By combining both protein expression and methylation status a stronger probability for making correct classification is obtained.

HER2 Status

To determine which sequences are relevant based on expression levels is not obvious. Thus, in an embodiment the invention relates to a method for assisting in the determining whether a sample is an infiltrating ductal carcinoma or a normal sample,

wherein the HER2 status is determined in a sample, and

wherein the methylation status is determined for at least LRRC4C, HSPA2, ROBO3, AF271776, DFNB31, PGD ((SEQ ID NO: 93, 94, 95, 100, 96, and 97).

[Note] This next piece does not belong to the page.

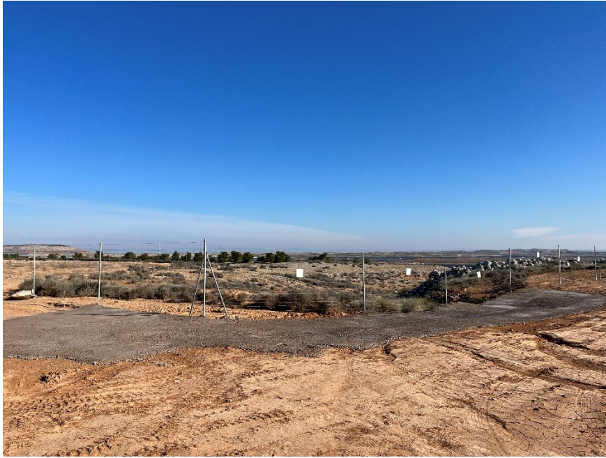
Figura 4 Cimentación de zonas potencialmente erosivas

El presente anexo se compone de un número representativo de fotografías del total realizado durante el periodo evaluado, escogidas por su relevancia y/o carácter explicativo para la correcta comprensión del presente informe.

Example 7 illustrates how these specific sequences were determined The above sequences had a Fold change (FC) of >1.25 with respect to Her2 status in IDCvsNormal experiments. Fold Change experiments measure the ratio of methylation levels between the case and control (Her2− against Her2+) that are outside of a given cutoff or threshold. The fold change value is the absolute ratio of normalized intensities between the average intensities of all the samples in each group.

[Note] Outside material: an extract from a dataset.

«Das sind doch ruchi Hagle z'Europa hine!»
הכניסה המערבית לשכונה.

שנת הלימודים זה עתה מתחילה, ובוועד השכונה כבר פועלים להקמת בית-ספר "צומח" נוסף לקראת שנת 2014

From Example 7 it can be seen that SEQ ID NO 93 and 94 which are close to the genes: LRRC4C HSPA2 are likely to be more methylated in Her2+ compared to Her2− in IDC vs. normal differentially methylated samples, while SEQ ID NO 95, 100, 96, and 97 which are close to genes ROBO3, AF271776, DFNB31 and PGD are likely to be less methylated in an IDC sample than in a Normal sample when the sample is HER2+.

ER Status

Similar as for Her2, specific sequences are found to be particular relevant when the ER status is also known. Thus in yet an embodiment the invention relates to a method for assisting in determining whether a sample is an infiltrating ductal carcinoma or a normal sample,

wherein in the ER status is determined in a sample, and

wherein the methylation status is determined for at least LRRC4C, KIAA0776, NME6, SMG6, ABCB10, MMP25 and LNPEP (SEQ. ID NO: 93, 87, 88, 89, 90, 91 and 92).

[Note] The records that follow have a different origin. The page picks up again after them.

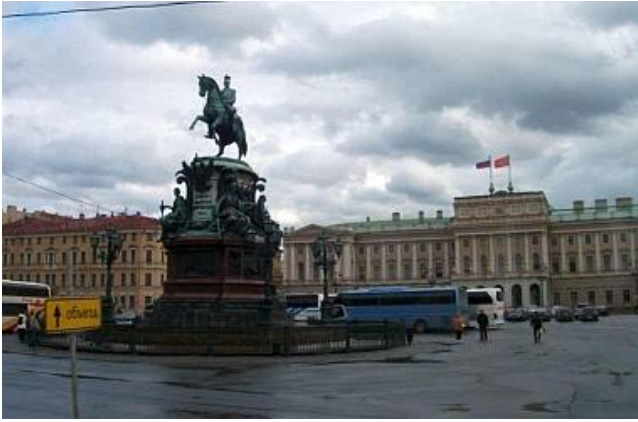
St Isaac Square: Nicolas Monument
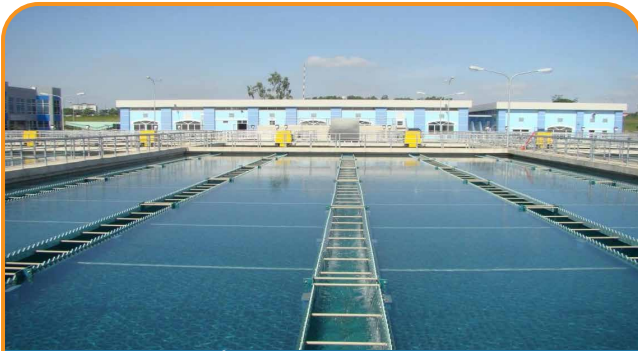
CUNG CẤP GIẢI PHÁP VÀ THI CÔNG HỆ THỐNG XỬ LÝ NƯỚC CẤP
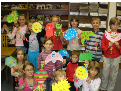
Dračí nocování v listopadu
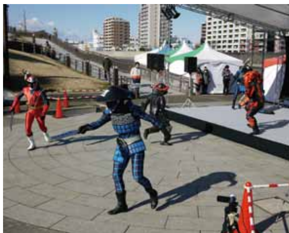
オープニングセレモニーに続き レッドヒーローショーが開催
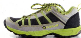
SISU OLX Racing
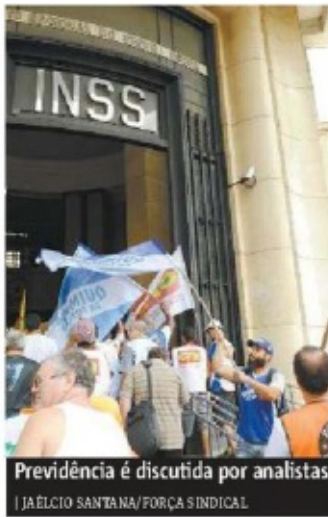
Previdência é discutida por analistas

Segundo a projeção do IBGE, a população brasileira – hoje em 208,5 milhões – crescerá em ritmo cada vez mais lento pelos próximos 30 anos e chegará ao ápice em 2047: seremos 233,23 milhões. A partir desse ano, se a estimativa se confirmar, o número de mortes no país superará o de nascimentos, e passaremos a perder habitantes.

Example 5 illustrates how these specific sequences were determined

The above list shows significant loci with fold change >2 in ER+ vs ER− samples of IDCvsNormal

From Example 5 it can be seen that SEQ ID NO 93, 87 (LRRC4C, KIAA0776) are likely to be more methylated in an IDC sample than in a Normal sample and that SEQ ID NO 88, 89, 90, 91 and 92 (NME6, SMG6, ABCB10, MMP25 and LNPEP) are likely to be less methylated in an IDC sample than in a Normal sample when the sample is ER+.

Menopausal Status

For classifying the samples according to the invention, the menopausal status of the subject from which the sample was obtained may be important. In addition DNA sequences which may be important for determining when the menopausal status is known may also be important. Thus in yet an embodiment the invention relates to a method, for assisting in the determining whether a sample is an infiltrating ductal carcinoma or a normal sample,

wherein in the menopausal status of said subject is determined, and

wherein the methylation status is determined for at least TMEM117, GALNT13, BDNF, and DUSP4 [SEQ ID NO 83, 84, 85, 86].

Example 3 illustrates how said sequences are determined

From Example 3 it can be seen that in IDC vs. normal samples SEQ ID NO 83, 84, and 85 TMEM117, GALNT13 BDNF are likely to be more methylated in postmenopausal sample and that SEQ ID NO 86 DUSP4 are more likely to be methylated in premenopausal sample.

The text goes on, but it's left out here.